At a press conference, ElBaradei said the Supreme Council of the Armed Forces (SCAF), which took over from Mubarak, had governed “as if no revolution took place and no regime has fallen.”

“My conscience does not permit me to run for the presidency or any other official position unless it is within a democratic framework,” the former head of the UN nuclear watchdog said.

His surprise resignation came as a protest to the ruling military council’s failure to put the country on the path to democracy. The Supreme Council of the Armed Forces, a group of the Egypt’s highest military officers, took over as “interim rulers” of the country immediately after the February 11 resignation of 30-year-dictator Hosni Mubarak. Mubarak, now 83 years old, is currently on trial along with a number of high-level political and military figures for corruption and for killing peaceful demonstrators in Tahrir Square, where Egypt’s Arab Spring was born.

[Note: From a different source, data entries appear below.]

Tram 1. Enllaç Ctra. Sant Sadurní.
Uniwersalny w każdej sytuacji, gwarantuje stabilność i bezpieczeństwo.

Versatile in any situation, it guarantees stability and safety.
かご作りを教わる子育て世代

In the pre-Tahrir Square days, ElBaradei was among prominent Egyptians constantly mentioned for the post of president, should the revolution succeed. He played a somewhat coy game during this period, expressing reservations about taking on the monumental task of leading his countrymen into a new era of non-corrupt, transparent and responsive government.

The Nobel laureate, regarded as a driving force behind the movement that forced the former president Hosni Mubarak to step down, told the Guardian newspaper that the conditions for a fair election were not in place.

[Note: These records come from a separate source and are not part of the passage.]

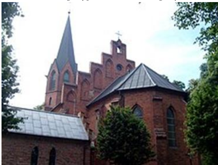
Gruczno. Kościół parafialny Zygfryda.

W szkołach tego typu kładziono szczególny nacisk na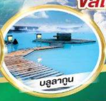
บรูสาอุน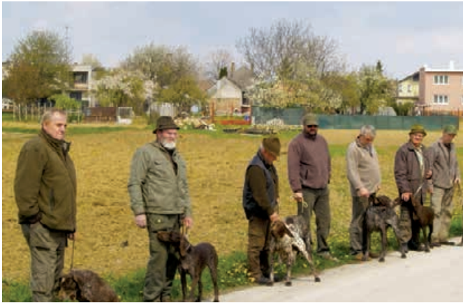
FT - 2012 Dolné Dubové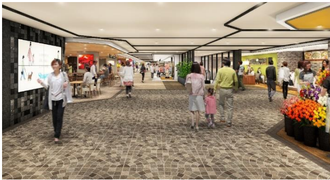
<1階 シャポー改札前>

今回のリニューアルでは、みなさまの毎日に寄り添う約40ショップがオープン。小岩らしい賑やかさや親しみやすさを大切に、これからも地域のみなさまと共に小岩の魅力を高め、小岩の発展に貢献してまいります。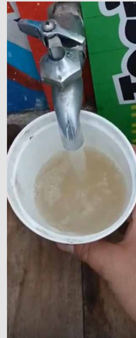
Los colores y los olores ingratos del agua en tuberías de la ciudad.

pesos semanales para bañarse, lavar trastes, atender a cuatro niños pequeños. La aritmética doméstica no falla, el gasto en agua “alternativa” supera con creces el recibo oficial.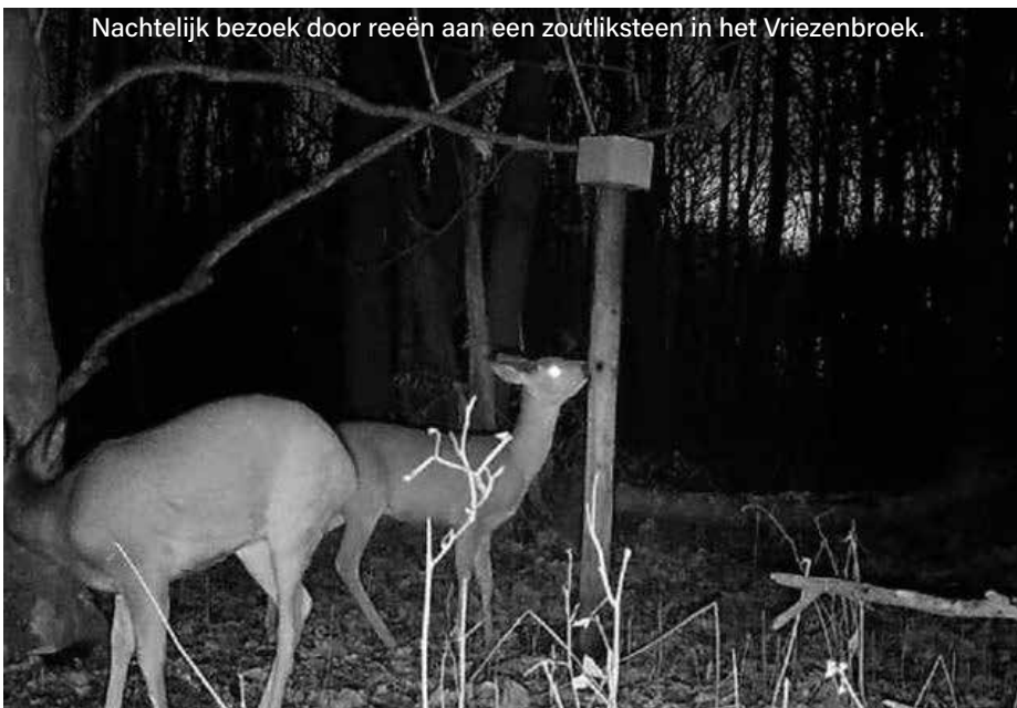
Nachtelijk bezoek door reeën aan een zoutliksteen in het Vriezenbroek.

Tekst: Bart Coopman

With Parliamentary elections to the lower house over, and the parties of the Muslim Brotherhood and the yet more conservative Salafists winning more than enough seats to effectively control the lower body, it was highly doubtful that ElBaradei could have won enough support from the Liberal parties to gain the presidency.

But it would be a big mistake to count the Nobel-prize-winner out just yet. The historic journey along Egypt’s road to good governance has barely begun.

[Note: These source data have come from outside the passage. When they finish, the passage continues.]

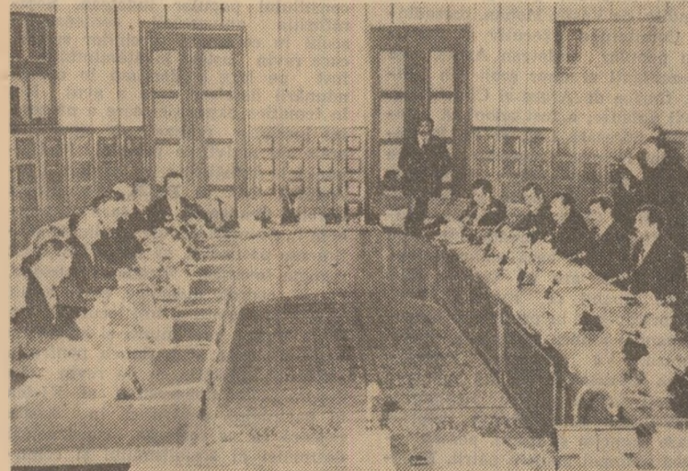
In timpul convorbirilor oficiale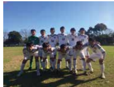
↑石岡アセンブル戦スターティングメンバー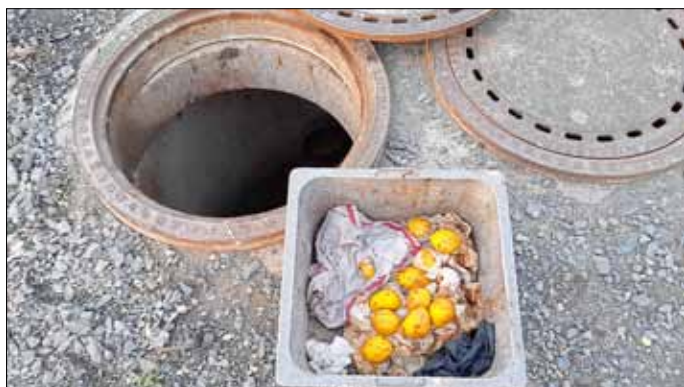
Aus dem Zulaufpumpwerk manuell entnommene Fremdstoffe (u. a. Orangen, Taschentuch)

The polished international diplomat again called on the SCAF and their puppet civilian government to move with all possible speed to enact fundamental political reforms. The citizens of the Arab world’s largest nation were “yearning desperately for economic and social change” and that without drastic improvements, a “Tunisia-style explosion” in Egypt would be unavoidable, he told the Guardian.

Nearly half of the country’s 80 million citizens live on less than -1.25 a day, and despite record GDP growth the majority of the population has become poorer in real terms over the past 20 years. Unemployment is epidemic, Graduates with PhD degrees are driving taxies or working as waiters. Many of the members of the last two graduating classes of Cairo University have never held any job for which they were trained.

However, Baradei has rejected the idea of a “second revolution” — a huge gathering in Tahrir Square, much like those of the recent past — because of the very real possibility of widespread violence and death.

William Fisher has managed economic development programs for the U.S. State Department and the U.S. Agency for International Development in the Middle East, North Africa, Latin America, Asia and elsewhere for the past 25 years. He has supervised major multi-year projects for AID in Egypt, where he lived and worked for three years. He returned later with his team to design Egypt’s agricultural strategy. Fisher served in the international affairs area in the administration of President John F. Kennedy. He began his working life as a reporter and bureau chief for the Daytona Beach News-Journal and the Associated Press in Florida. He now reports on a wide-range of issues for a number of online journals.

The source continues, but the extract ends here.